To confirm that date is now the index, we can use .info().
This command prints:

The total number of rows and columns.
Data types of each column.
Whether an index is set (look at the first line, where it should mention “Index: Int64Index” instead of a column name).

xom.index

Int64Index([20190102, 20190103, 20190104, 20190107, 20190108, 20190109,
            20190110, 20190111, 20190114, 20190115,
            ...
            20211216, 20211217, 20211220, 20211221, 20211222, 20211223,
            20211227, 20211228, 20211229, 20211230],
           dtype='int64', name='date', length=756)

Concatenating data sets#

Appending, or concatenation, or stacking data. This is when you simply put one data set on top of another. However, you need to be careful! Do the data sets share the same variables? How are index values handled?

You can use .concat() from pandas. Notice that our two datasets don’t have exactly the same number of rows. Older code might use .append() from pandas.

pd.concat((aapl, xom), sort=False)  

	PERMNO	TICKER	CUSIP	DISTCD	DIVAMT	FACPR	FACSHR	PRC	VOL	RET	SHROUT	CFACPR	CFACSHR	sprtrn
date
20190102	14593	AAPL	3783310	NaN	NaN	NaN	NaN	157.92000	37066356	0.001141	4729803	4	4	0.001269
20190103	14593	AAPL	3783310	NaN	NaN	NaN	NaN	142.19000	91373695	-0.099607	4729803	4	4	-0.024757
20190104	14593	AAPL	3783310	NaN	NaN	NaN	NaN	148.25999	58603001	0.042689	4729803	4	4	0.034336
20190107	14593	AAPL	3783310	NaN	NaN	NaN	NaN	147.92999	54770364	-0.002226	4729803	4	4	0.007010
20190108	14593	AAPL	3783310	NaN	NaN	NaN	NaN	150.75000	41026062	0.019063	4729803	4	4	0.009695
...	...	...	...	...	...	...	...	...	...	...	...	...	...	...
20211223	11850	XOM	30231G10	NaN	NaN	NaN	NaN	61.02000	13543291	0.000492	4233567	1	1	0.006224
20211227	11850	XOM	30231G10	NaN	NaN	NaN	NaN	61.89000	12596340	0.014258	4233567	1	1	0.013839
20211228	11850	XOM	30231G10	NaN	NaN	NaN	NaN	61.69000	12786873	-0.003232	4233567	1	1	-0.001010
20211229	11850	XOM	30231G10	NaN	NaN	NaN	NaN	61.15000	12733601	-0.008753	4233567	1	1	0.001402
20211230	11850	XOM	30231G10	NaN	NaN	NaN	NaN	60.79000	11940294	-0.005887	4233567	1	1	-0.002990

1513 rows × 14 columns

See how there are 1513 rows, but the index for XOM only goes to 755? We didn’t ignore the index, so the original index comes over. The first observation of both DataFrames starts at 0. There are 756 AAPL observations and 755 XOM.

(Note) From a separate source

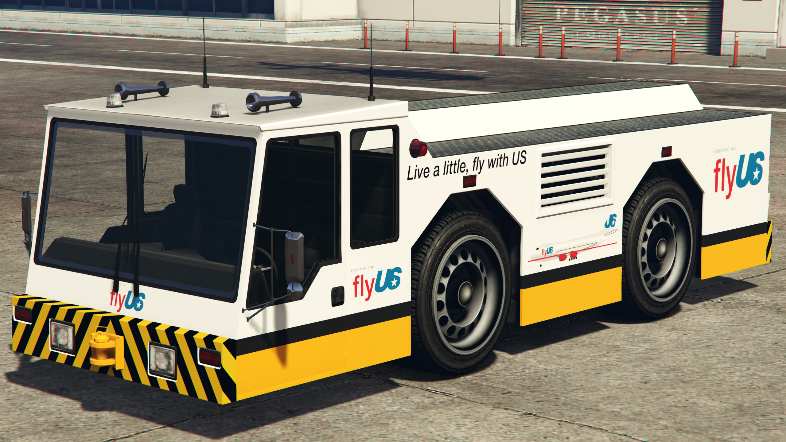 The truck bears a FlyUS livery, complete with a Jet image on either side and "Transparent Star" stencils close to every FlyUS logo and the slogan above the front wheels. It is only available in a greyish white color around the body, and uses oversized variations of the industrial wheels seen in trucks like the Mule and the Phantom, fitted with high-profile tires.
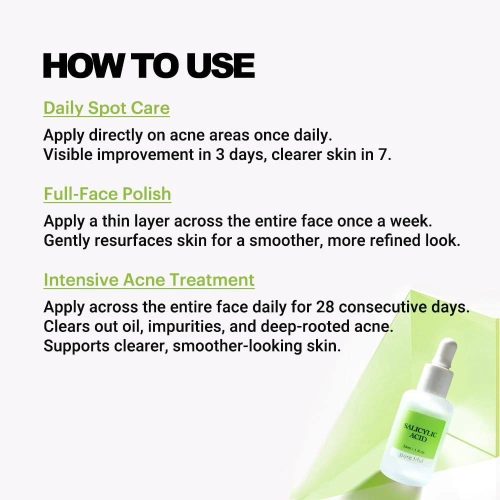 Free eBay listing template designed by dewiso.com 2% Salicylic Acid (BHA) Serum for Acne & Blackheads - Unclogs Pores, Oil Control, Sensitive-Skin Safe, Fragrance-Free,1 fl.oz FREE AND FAST SHIPPING! About this item Unclogs pores & clears breakouts – 2% Salicylic Acid penetrates deeply to dissolve oil and impurities, reducing blackheads, whiteheads, and blemishes. Visible skin renewal in 7 days – Improves the look of pores, reduces redness, and smooths rough texture with consistent use. Clearer skin in 28 days – Continuous application helps eliminate stubborn breakouts for long-term clarity. Gentle for sensitive skin – Enriched with Witch Hazel and soothing hydrators, balancing oil control while calming irritation. Targets Face & Back Acne – Effective for adult acne, teen breakouts, and stubborn back acne. Safe, clean formula – Fragrance-free, paraben-free, cruelty-free, produced in a GMP-certified facility. Product We offer a 30-Day Return Policy on items which you are not completely satisfied with. You have the option for a full-refund or an exchange of the item. No returns are available on items shipped outside of the US . Shipping We offer Free Shipping to the US and ship within 2 business days of payment, usually sooner. We use UPS express shipping. That's why your products are usually delivered within 3 days . Contact We try our very best to make sure every customer is completely satisfied. If there's a problem , message us! We're happy to help. 24/7 live chat available.

Let’s ignore the index now.

pd.concat((aapl, xom), ignore_index=True, sort=False)  

	PERMNO	TICKER	CUSIP	DISTCD	DIVAMT	FACPR	FACSHR	PRC	VOL	RET	SHROUT	CFACPR	CFACSHR	sprtrn
0	14593	AAPL	3783310	NaN	NaN	NaN	NaN	157.92000	37066356	0.001141	4729803	4	4	0.001269
1	14593	AAPL	3783310	NaN	NaN	NaN	NaN	142.19000	91373695	-0.099607	4729803	4	4	-0.024757
2	14593	AAPL	3783310	NaN	NaN	NaN	NaN	148.25999	58603001	0.042689	4729803	4	4	0.034336
3	14593	AAPL	3783310	NaN	NaN	NaN	NaN	147.92999	54770364	-0.002226	4729803	4	4	0.007010
4	14593	AAPL	3783310	NaN	NaN	NaN	NaN	150.75000	41026062	0.019063	4729803	4	4	0.009695
...	...	...	...	...	...	...	...	...	...	...	...	...	...	...
1508	11850	XOM	30231G10	NaN	NaN	NaN	NaN	61.02000	13543291	0.000492	4233567	1	1	0.006224
1509	11850	XOM	30231G10	NaN	NaN	NaN	NaN	61.89000	12596340	0.014258	4233567	1	1	0.013839
1510	11850	XOM	30231G10	NaN	NaN	NaN	NaN	61.69000	12786873	-0.003232	4233567	1	1	-0.001010
1511	11850	XOM	30231G10	NaN	NaN	NaN	NaN	61.15000	12733601	-0.008753	4233567	1	1	0.001402
1512	11850	XOM	30231G10	NaN	NaN	NaN	NaN	60.79000	11940294	-0.005887	4233567	1	1	-0.002990

1513 rows × 14 columns

Here we ignored the index, so the new index goes from 0 to 1512. What should you do? I would ignore the index and reset it in this situation. Once this data is stacked, we have long or narrow data, where each observation is uniquely identified by the date and a security ID. We have three security IDs in this data: PERMNO, TICKER, and CUSIP. In this particular situation, they should all three work. The PERMNO is the only one that is guaranteed to not change over time. Stocks change tickers. Tickers get reused. Same with CUSIPs.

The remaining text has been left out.